Fluid therapy in the emergency department: an expert practice review
Harris T, Coats TJ, Elwan MH Fluid therapy in the emergency department: an expert practice review Emerg Med J 2018;35:511–515.
Comment:
Take homes: Not sure anything too new here – read the article, it’s free
- Crystalloid > colloid
- Balanced (Hartmann, PlasmaLyte) may be > unbalanced (0.9% NaCl)
- Don’t assume ED patient same as ICU patient – i.e. don’t apply same guidelines – this goes for patients in Rural NZ!
- Not too much, not too little: guideline driven therapy (e.g. Surviving sepsis) may be detrimental.

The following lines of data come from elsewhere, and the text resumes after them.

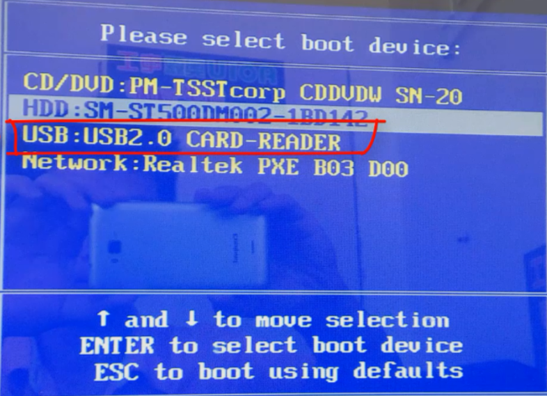 4、u盤插入需要重裝的電腦,并重啟電腦快速斷續的按啟動熱鍵進入快速啟動界面,選擇帶USB開頭的u盤啟動項回車鍵進入。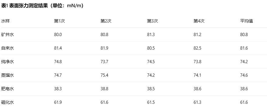 采用芬蘭Kibron公司生產(chǎn)的Delta-8全自動高通量表面張力儀對不同種類的水在室溫下進行測定,鉑金環(huán)浸入到水中一定的位置,隨著鉑金環(huán)與水之間的膜被拉長,使鉑金環(huán)受到一個向下的力,差動變壓器的磁芯隨鉑金環(huán)的下降而上升,使差動變壓器的線圈感應出一定的電壓值,這樣將被拉伸的薄膜變形量轉(zhuǎn)化為電壓量,經(jīng)微機處理轉(zhuǎn)化為相應的張力值,并自動顯示出來。隨薄膜逐漸被拉長,張力值逐漸增大,直至薄膜破裂,記下的最大值即水的實時張力。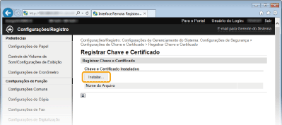 Clique [Registrar Chave e Certificado...] ou [Registrar Certificado CA...].

- Assessment of fluid status difficult – need some ED / Rural studies
- PO safer than IV
Abstract
Intravenous fluid therapy is one of the most common therapeutic interventions performed in the ED and is a long-established treatment. The potential benefits of fluid therapy were initially described by Dr W B O’Shaughnessy in 1831 and first administered to an elderly woman with cholera by Dr Thomas Latta in 1832, with a marked initial clinical response. However, it was not until the end of the 19th century that medicine had gained understanding of infection risk that practice became safer and that the practice gained acceptance. The majority of fluid research has been performed on patients with critical illness, most commonly sepsis as this accounts for around two-thirds of shocked patients treated in the ED. However, there are few data to guide clinicians on fluid therapy choices in the non-critically unwell, by far our largest patient group. In this paper, we will discuss the best evidence and controversies for fluid therapy in medically ill patients.